I deleted the topic TOPIC=s3-pug-part1.preparation-worker
before restarting the chain. So I don't think there is any old job.
The logs are already in the Test execution artefacts section
@Woljtek The logs of the Test execution artefacts still state the following PUG error:
2023-02-15T16:33:55.712163 s3-pug-nrt-part1-execution-worker-v3-554d94c545-tbh62 [0000000096]: [E] [PUGCoreProcessor.C: main:(173)] Unable to load JobOrder from file "/data/localWD/52655/JobOrder.52655.xml --- acs::S3PUGJobOrder::exS3PUGJobOrderException in S3PUGJobOrder.C(659) from virtual void acs::S3PUGJobOrder::read(acs::XMLIstream&) thread "" [140183974770656]

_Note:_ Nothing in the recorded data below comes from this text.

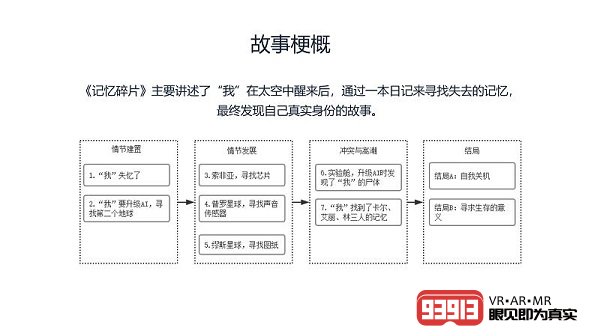 如果說《記憶碎片》的劇情很有趣,那么這部作品在藝術(shù)和技術(shù)方面的表現(xiàn)就稱得上是驚艷了,特別是在“在校學(xué)生作品”這個前提下。首先,作品的完整性和完成度很高,敘事、場景、交互、美術(shù)等諸多方面都表現(xiàn)出一種成熟感;其次,從藝術(shù)性而言,作品的美術(shù)風(fēng)格呈現(xiàn)出一種“科幻的質(zhì)感”,多個場景的建模制作精良,一些小的細(xì)節(jié)(比如配音、交互UI)均令人滿意;最后,從技術(shù)性來說,一些場景及交互的呈現(xiàn)效果非常出色,比如某個場景中的星球模型可以隨著外部環(huán)境(通過攝像頭識別)實(shí)現(xiàn)鏡面反射的效果,相信制作者如果沒有一定的技術(shù)基礎(chǔ)是很難做到這種程度的,這點(diǎn)給我留下了極深的印象。
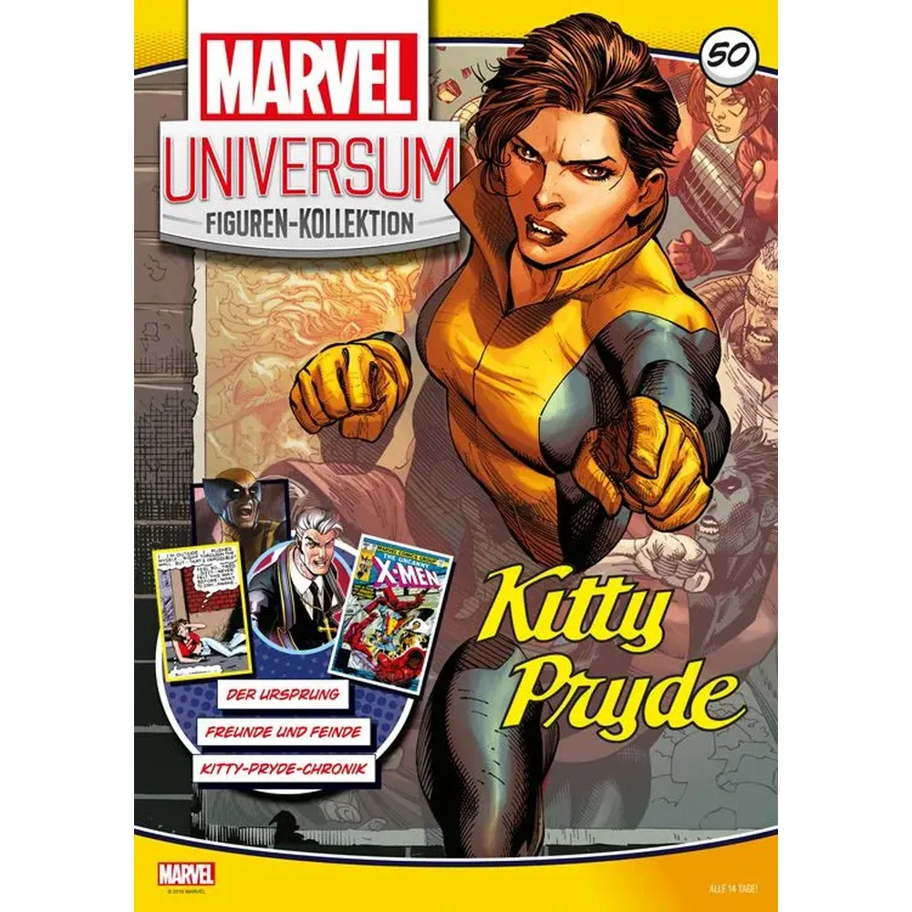 Neben der detailreichen Figur enthält diese Ausgabe ein umfangreiches Magazin mit Hintergrundinformationen zu Kitty Pryde: von ihrer Herkunftsgeschichte und Entwicklung über ihre Kräfte und Ausrüstung bis hin zu ihren Kostümen, Verbündeten und Gegnern.
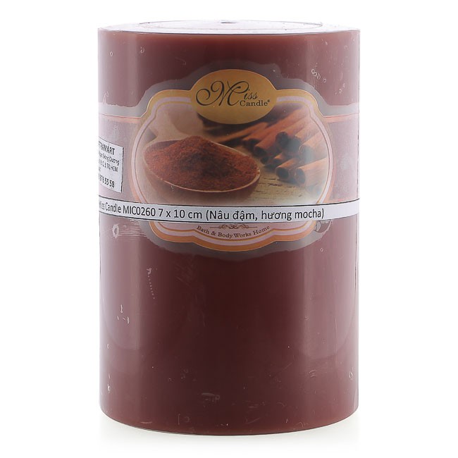 Nhà cửa & Đời sống > Trang trí nhà cửa > Nến & đồ đựng nến || Nến thơm trụ tròn D7H10 Miss Candle FTRAMART MIC0260 7 x 10 cm (Nâu đậm, hương quế)Còn hàng

Error while reading job order
caused by:
acs::rsResourceSet::NotFoundException in rsResourceSet.C(860) from const acs::rsResourceSet::rsValue* acs::rsResourceSet::getValue(const std::string&) const thread "" [140183974770656]

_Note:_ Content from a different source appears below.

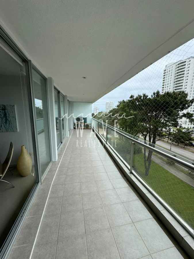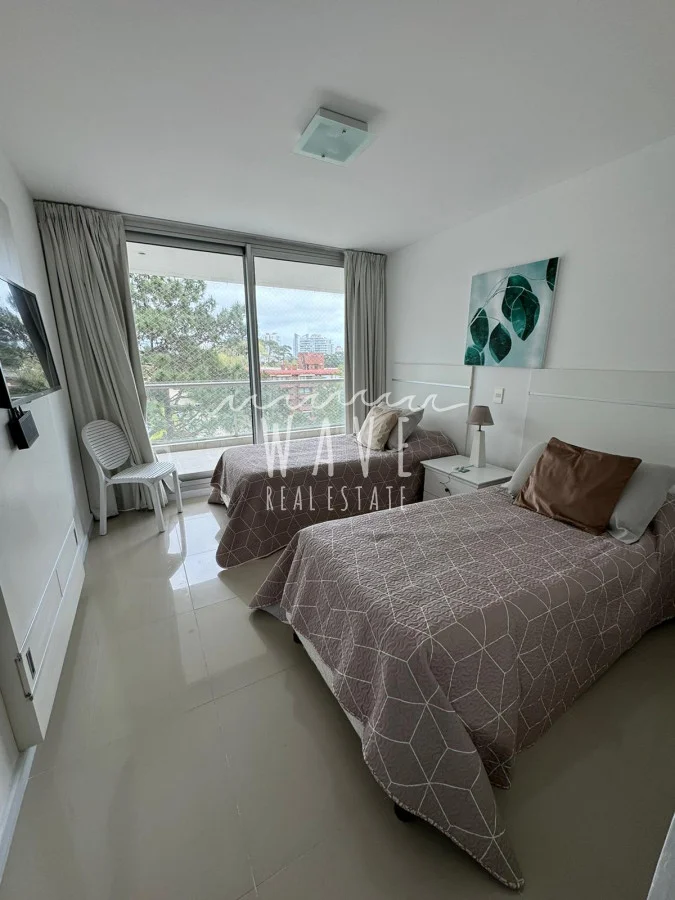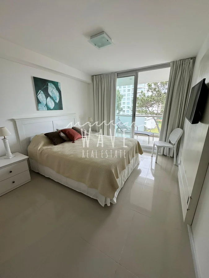 Hermoso departamento en alquiler en Punta del Este. Excelente ubicación en Roosevelt a tres cuadras de playa brava, y próximo a todos los centros comerciales y restaurantes. Cuenta con dos dormitorios, uno de ellos en suite con vestidor, living comedor, cocina integrada con especio de lavadero, gran terraza con vista parcial al mar, donde podrás disfrutar de hermosos amaneceres y atardeceres! Amplios espacios y cómodos placares.
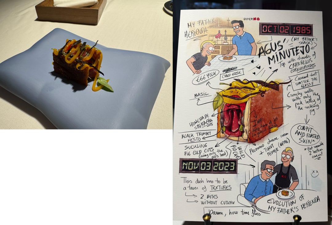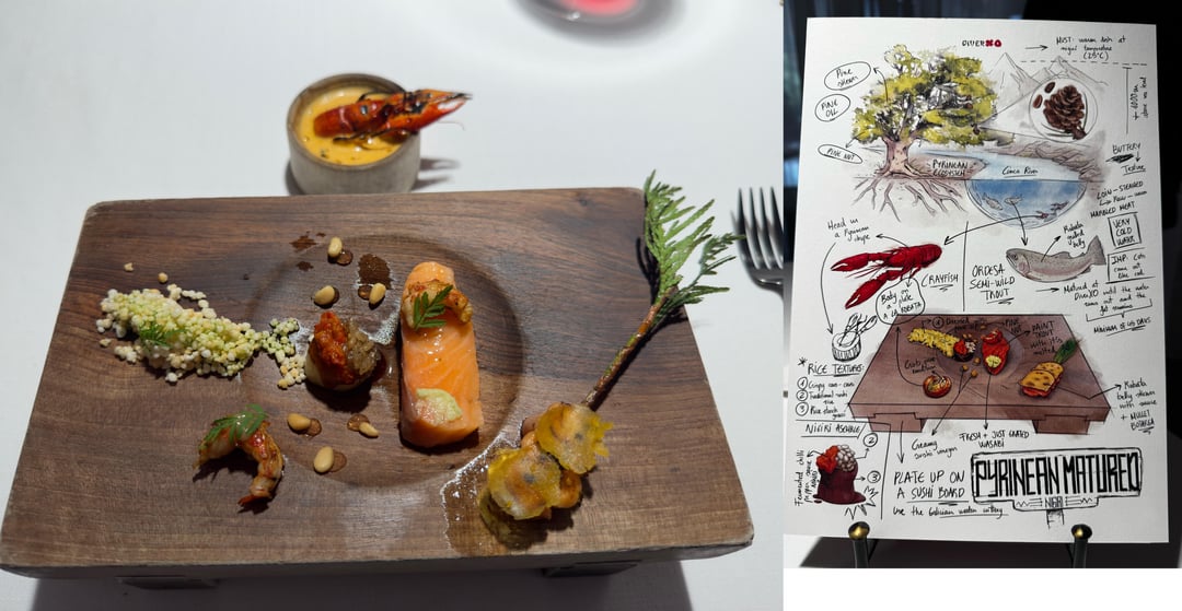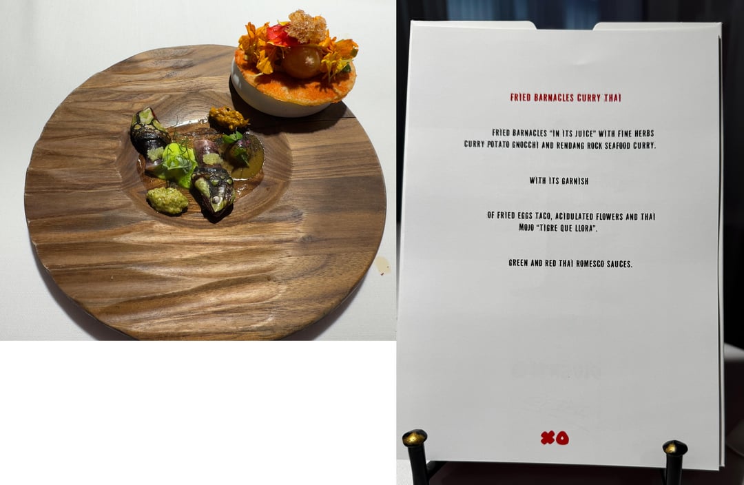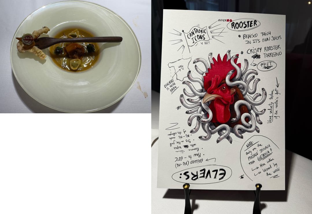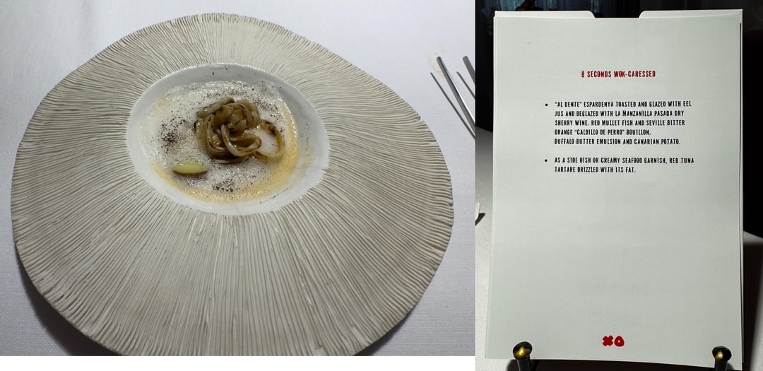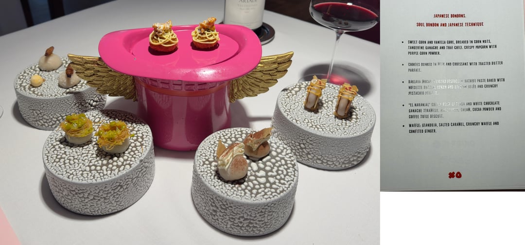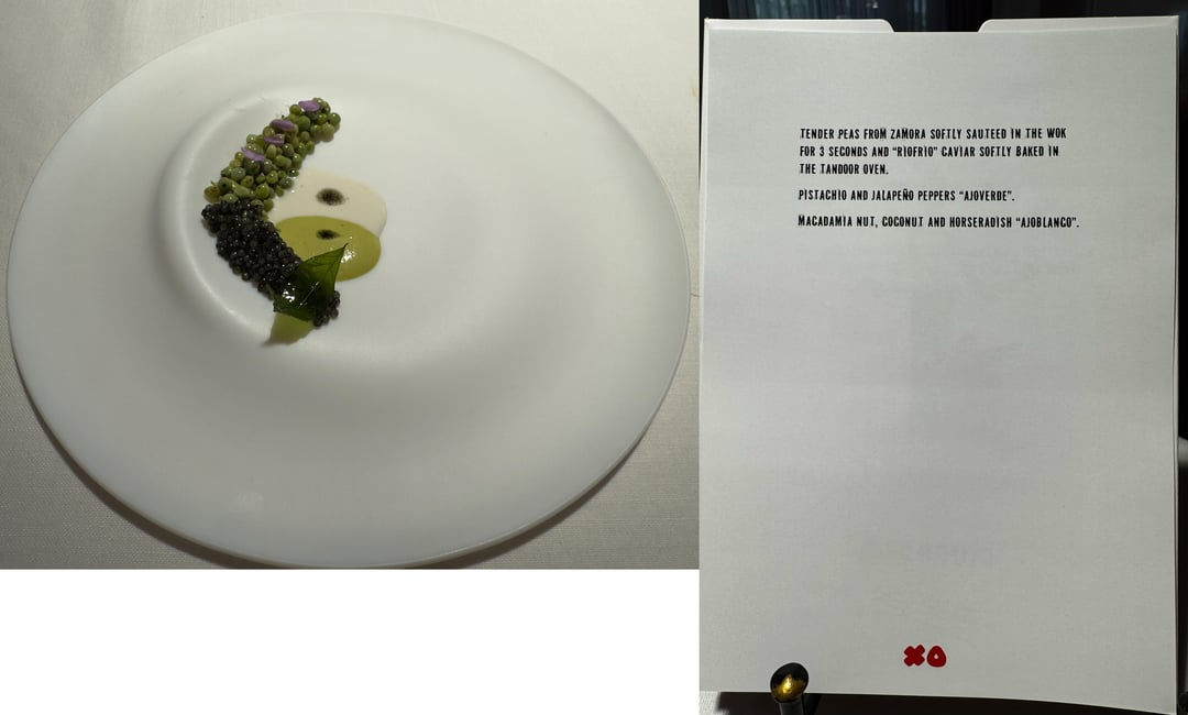 Food: Spain mixes with Asia, Latin America, Mexico, flavors from childhood memories, tons of fun. Very flavor forward, textures, contrasts, and temperatures were all perfect. We had 0 misses. Maybe 1 dish I thought was just "good" the rest really wowed us. I can only imagine those looking for subtlety might be overwhelmed. I can't really go in to each dish and how incredible they were, but some hightlights:

Resource not found: List_of_Config_Files.Config_File in namespace "Ipf_Conf"
The dmesg of the pod:
This indicates, that the IPF itself runs into an issue, that seems to be unrelated to our software.
This logs is outdated:
2023-02-15T16:33:55.712163 s3-pug-nrt-part1-execution-worker-v3-554d94c545-tbh62 [0000000096]: [E] [PUGCoreProcessor.C: main:(173)] Unable to load JobOrder from file "/data/localWD/52655/JobOrder.52655.xml --- acs::S3PUGJobOrder::exS3PUGJobOrderException in S3PUGJobOrder.C(659) from virtual void acs::S3PUGJobOrder::read(acs::XMLIstream&) thread "" [140183974770656]

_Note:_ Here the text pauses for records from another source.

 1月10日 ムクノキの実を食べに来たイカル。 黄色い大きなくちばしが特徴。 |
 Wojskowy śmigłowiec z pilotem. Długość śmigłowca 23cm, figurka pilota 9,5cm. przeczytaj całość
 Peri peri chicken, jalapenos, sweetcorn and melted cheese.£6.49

Error while reading job order
caused by:
acs::rsResourceSet::NotFoundException in rsResourceSet.C(860) from const acs::rsResourceSet::rsValue* acs::rsResourceSet::getValue(const std::string&) const thread "" [140183974770656]
Resource not found: List_of_Config_Files.Config_File in namespace "Ipf_Conf"
It is relative to the bug #828 which is now workaround
@w-jka Do you think this behavior is IPF issue or a deployment issue ?
FYI, I am going to increase the EW memory limits to 50Gi according to the prerequistes
I reproduced the same behavior with the limit at 50Gi.
This is actually not to easy to answer. We are observing a sigsev that is invoked from somewhere and killing the process. This is usually a memory violation and thus very unlikely caused by our software. From a deployment perspective, we not finding any issue at the moment that could explain it and the expectation would be that increasing the memory limits is not changing anything as it is not a out of memory issue.
The issue occurs on the libc of the system and is very likely an issue with the processor or the operating system. We might give it a try to use an old version and see if it occurs there also. However without having at least a document giving an idea about the operating system that is required most of it is pure guessing.
We open a PDGSAMON -> https://cams.esa.int/browse/PDGSANOM-12241 I propose to put this issue on hold waiting fro SDP feedback
IVV_CCB_2023_w09 : Moved into "On hold" waiting for ESA feedback
From S-3 L1 IPF Maintainers to Reference System Dears, the WD has been analyzed by the PUG maintenance team. It seems the error comes from a missing value for the HardwareName in the JobOrder. Regards, S3IPF L1 Maintenance team
In order to include this dynamic process parameter, one has to add the following lines to the configuration:
app.preparation-worker.pdu.dyn-proc-params.hardwareName=O
app.housekeep.pdu.dyn-proc-params.hardwareName=O
The allowed values for this parameter are:
O -> (OPE)
F -> (REF)
D -> (DEV)
R -> (REP)
We will add the value O
to the default configuration for now.
IVV_CCB_2023_w13 : Moved into "Accepted OPS", Tests now with @Woljtek and @w-jka
The configuration has been added :
app.preparation-worker.pdu.dyn-proc-params.hardwareName=O
app.housekeep.pdu.dyn-proc-params.hardwareName=O
However, the error is still present (tested on OL_0 products) :
2023-04-14T14:40:50.174363 s3-pug-preint-part1-execution-worker-v3-56cfb6d578-mlt4c PUG_OL_0_EFR 03.45 [0000001175]: [E] PUGCoreProcessor: Fri Apr 14 14:40:50 2023
PID: 1175 SIGNAL 11 THREAD: 140402505103104
core in: /tmp/core.1175 - stack follow
/usr/local/components/PUG-3.45/bin/../lib/libSignal.so.5.4 ( acs::Signal::catchBadSignal(int) )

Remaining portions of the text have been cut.